Problem Statement
Transformer-based[1] Language models have a context length limitation during training. Let’s denote this length as L
. It is used to sample L
tokens from the training dataset for each training example. As you can imagine, the larger the L
, the more compute is needed for training and the slower the training speed. The below figure is from the paper [2]
But in inference time, it would be great if the model’s context length can be longer than the training context length. For example, in DeepSeek V2[3], the training context length is 4096. But in real-world applications, the user always want to input more tokens to the model and expect the model to give a response based on the whole conversation history.
So how’s model performance when the number of tokens generated in inference is longer than the training context length? Paper[4] provided some insights on this topic. The below figure showed that when the inference length is longer than the training context length, the model performance will drop dramatically.
Why does this happen? [2] mentioned that
We demonstrate that this failure to extrapolate is caused by the position embedding method
The extrapolation here means
a model’s ability to continue performing well as the number of input tokens during validation increases beyond the number of tokens on which the the model was trained.
In the following sections, we will talk about how to improve the extrapolation ability of the model.
ALiBi[2]
This is a really great paper, not only for they proposed a method to improve the extrapolation, but also they have a lot of details on the experiment they did and the results they got. As mentioned above, the failure to extrapolate is caused by the position embedding method. So the authors proposed that why not we just remove the position embedding?
ALiBi has an inductive bias towards recency; it penalizes attention scores between distant query-key pairs, with the penalty increasing as the distance between a key and a query grows. The different heads increase their penalties at different rates, depending on the slope magnitude.

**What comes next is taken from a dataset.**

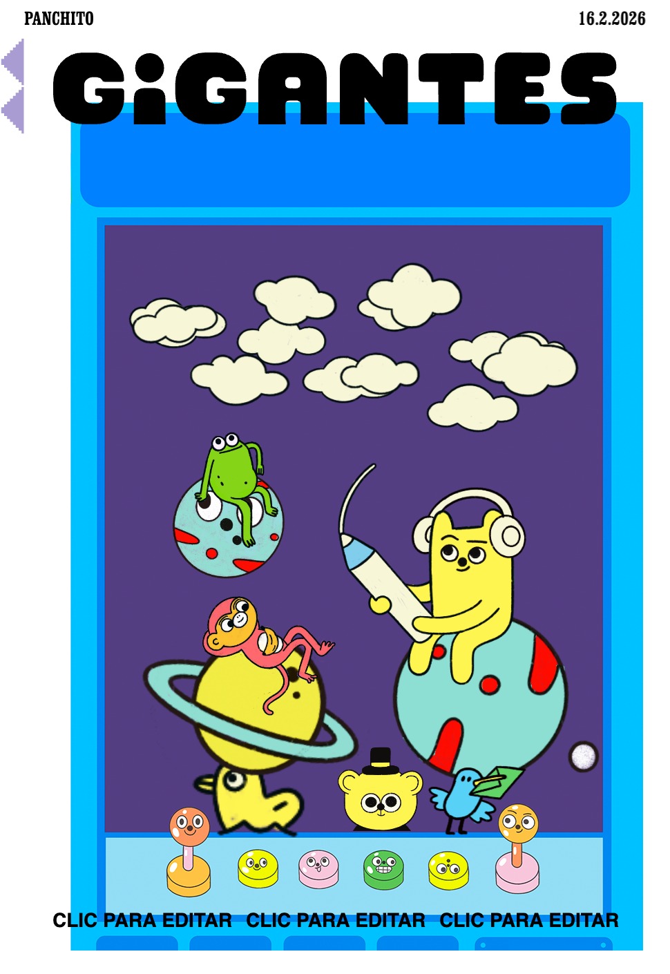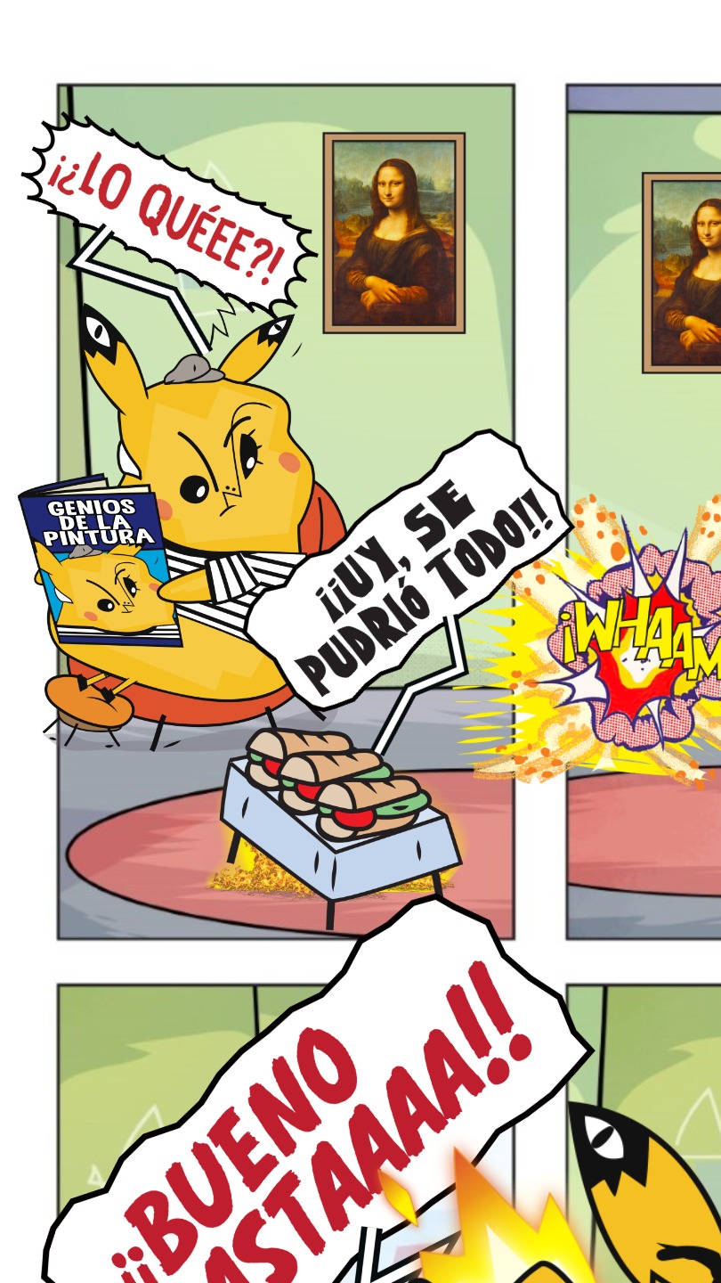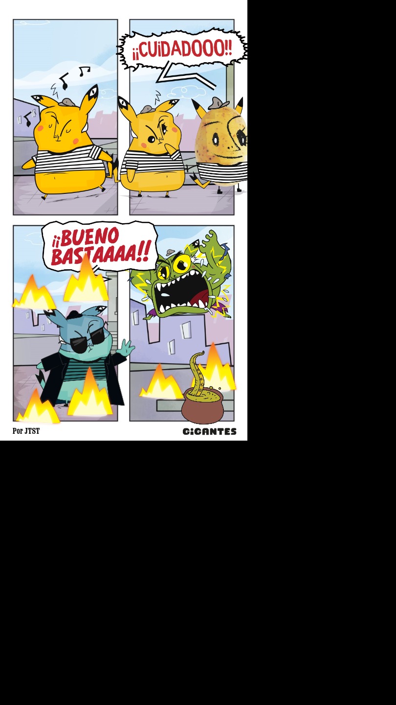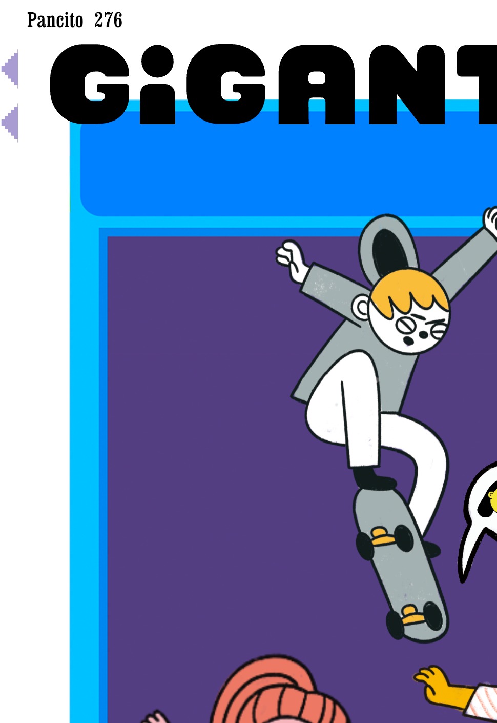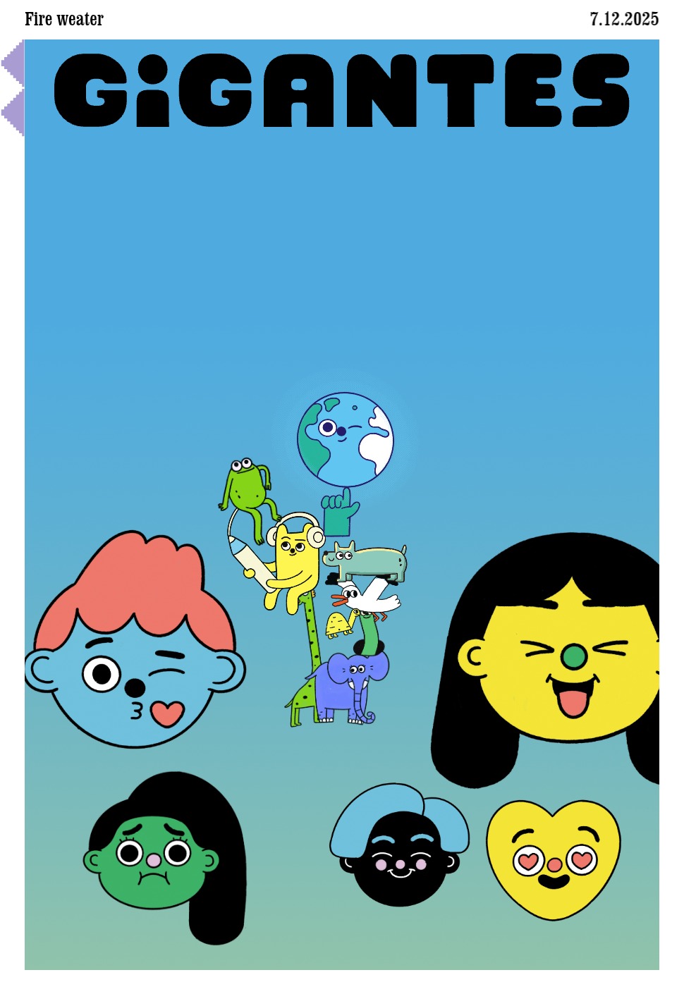 Llegaste a una ciudad con una actividad disparatada. Un dinosaurio y un inmenso gato surfean en la rambla. El superhéroe pasea en una nube y el sol tiene flotador. Niños y niñas juegan; pasean en auto, bicicleta, moto, patineta y silla de ruedas. Un mono corretea, una señora hace yoga. Un edificio antiguo con un cartel de Gigantes tiene 4 ventanales. ¡Cuidado! Dentro de ellas hay mucha acción. La ventana Arte tiene manos y pies, con pinceles y tijeras. En la Ventana Redacción hay una máquina de escribir y muchas manos sobre ella. En la Ventana Chatbot aparecen caritas con cuellos de serpientes. En la Ventana Picacho se asoma el personaje que es naranja y tiene orejas de conejo con ojos en la punta. Un tentáculo de pulpo sale de la pared.

I think the key insight here is that the relative position between tokens matters, not the absoluate position of the tokens. With the experiment, the bias toward recency can lead to better extrapolation.
The extrapolation performance of ALiBi is shown in the below figure.
A key limitation of ALiBi is that it is hard to fine-tune the model as the position penalty is added in the pretraining. And many open source models are using some kind of position embedding.
Randomized Positional Embedding[5]
This is actually a very interesting idea. The authors demonstrate that
In this work, we demonstrate that this failure mode is linked to positional encodings being out-of-distribution for longer sequences (even for relative encodings)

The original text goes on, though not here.